Courtney Williams: Not here anymore because she didn't want to be
Mohegan — Courtney Williams opted for the old "disrespect" narrative — amusing, if not disingenuous — to portray her departure from the Connecticut Sun.
Williams took her musings to Instagram, that hallowed portal of principle, where her words were fully substantiated by her own opinions. And then supported by all her groupies.
Sayeth young Ms. Williams:
"This process was definitely not an easy one for me, and it truly showed me that it's all about business, and that loyalty and emotion has no place in these type of negotiations. I'd be lying if I said I wasn't hurt throughout this process. ... Don't get caught up in all the rumors that you may hear about why I left. I never intended nor wanted to leave CT and I hope the Connecticut fans and my teammates really understand that. The word loyalty is thrown around so loosely these days, and maybe I was raised differently, but genuine loyalty is shown through the good or the bad. At the bare minimum I could have gotten a 'thank you' like every other player that decided not to rejoin the team."
On the next episode of Dr. Phil: The perils of youth mixed with entitlement, all on social media.
So here's the deal: The Sun's "thank you" came in the form of a max contract offer. No, it didn't begin that way. But as negotiations progressed, the Sun offered Williams max money. This is called "salary negotiation." You know. Real world stuff. It comes with being an adult.
Maximum money on a team that came within an eyelash of the championship — all while signing a jewel of a free agent in DeWanna Bonner, theoretically making the team even better.
Hmmm. Why would one want to leave such a situation?
I've spent the last day or two talking to people who know Williams. Their refrains have been mysteriously consistent about her departure: We've known about this for a while, they said, like before free agency negotiations even began. Hence, Williams' Instagram bluster aside, she wanted out of here all along.
I asked Sun officials, given that Williams would be a commodity on the trade market, why it had to be Atlanta, not the most talented team in the league. Answer: Williams didn't want to go anywhere else. It's "home" for her. Which, again, underscores the idea that she had a specific target in mind for the summer of 2020. It wasn't Connecticut.
The "disrespect" theme is about maintaining image. I doubt her groupies will change their minds. But I believe it's important for the people who pay the money to watch the Sun play — honestly, the most loyal fans in the WNBA — to know the truth.

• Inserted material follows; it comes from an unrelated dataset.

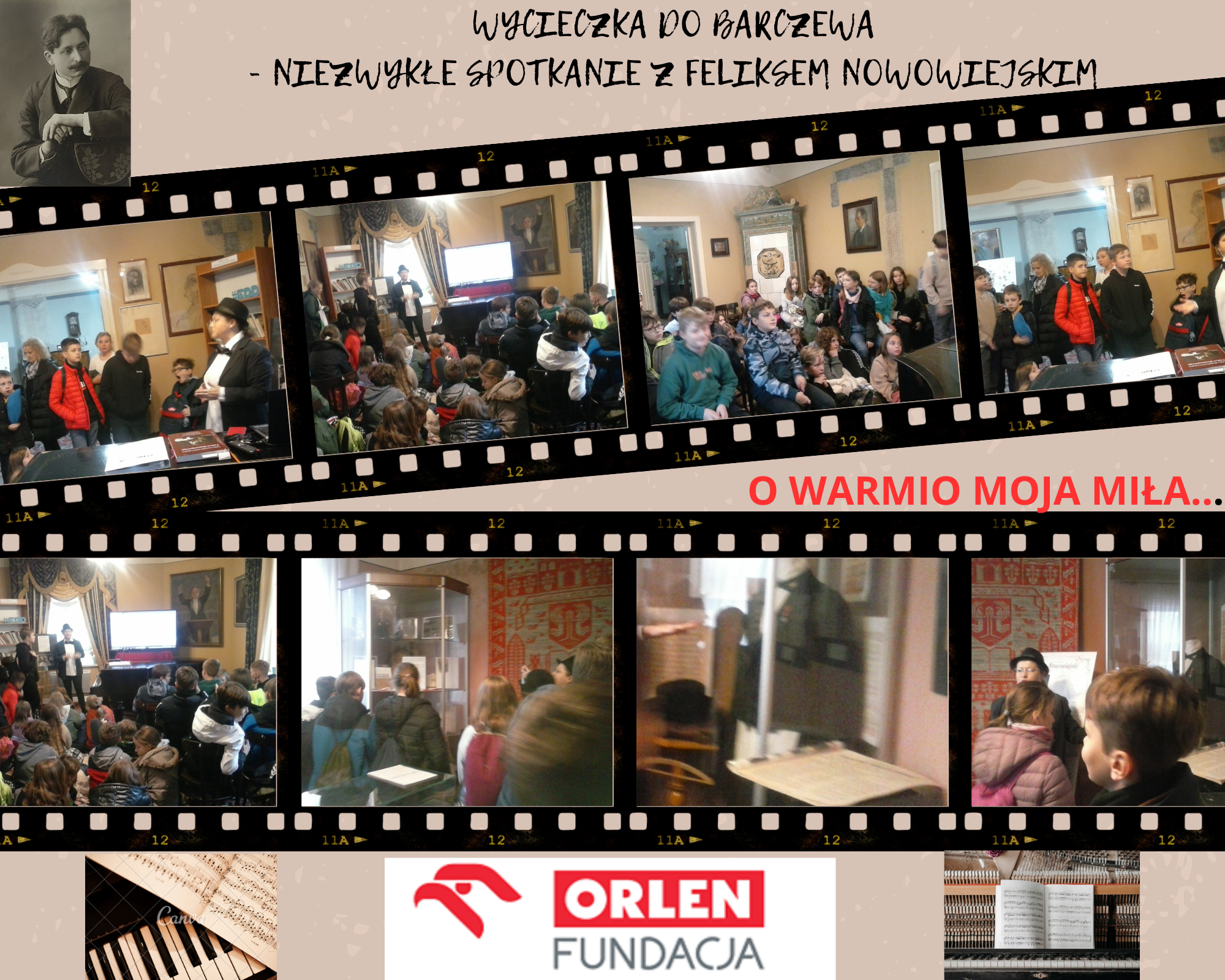 Dnia 26 października w ramach projektu " Leci z wiatrem pieśń przez warmińską wieś" sponsorowanego przez Fundację Orlen odbyła się wycieczka do Barczewa. Wzięli w niej udział uczniowie z klasy VA i VC. Mogli oni obejrzeć Salon Muzyczny im. Feliksa Nowowiejskiego w Barczewie, kameralne muzeum biograficzne, poświęcone wybitnemu polskiemu kompozytorowi, dyrygentowi, organiście, chórmistrzowi, pedagogowi i patriocie, który urodził się 7 lutego 1877 r. w Barczewie, ówczesnym Wartenbugu. Uczestnicy wycieczki dowiedzieli się, kim był ten zasłużony dla Warmii człowiek, jaki dorobek muzyczny pozostawił po sobie oraz podziwiali cenne pamiątki rodzinne, takie jak fortepian, fotografie, dokumenty, rękopisy, zbiory nut, książki, obrazy, przedmioty osobistego użytku, frak używany przez muzyka podczas koncertów i meble.

The franchise just dispelled the notion that free agents don't want to come here. They got a two-time WNBA Champion, three-time all-star and three-time Sixth Woman of the Year in Bonner, illustrating that if you pay people and give them a chance to win, they'll come here like everywhere else. Provided, that is, winning is important to them.
Courtney Williams' actions show she's more interested in Courtney Williams than anything else.
In many ways, Williams espouses the same ideals of many other young athletes now. It's the James Harden-ization of sports: It's all about you. Forty shots per game, 30 points per game, crowd adulation and no possibility of a championship because it's all about one player. Doesn't matter to them, though, because the checks don't bounce and there's always Instagram to craft your message.
It makes no sense to many of us older sports people, who honestly don't care about salaries, playing time or number of shots. Just that our team has one more point at the end of the game.
The Sun's addition of Bonner gave Courtney Williams a significantly better chance to win a championship than Atlanta. She could have max money, too. Ah, but would Bonner's presence mean fewer shots? Fewer points per game? Can't have that.
So Courtney Williams left.
Because she wanted to.
Know what? Free country. Enjoy Atlanta, kid. You were fun to watch here. But in the end, you weren't about the Connecticut Sun, your teammates or your fans. You were about Courtney Williams.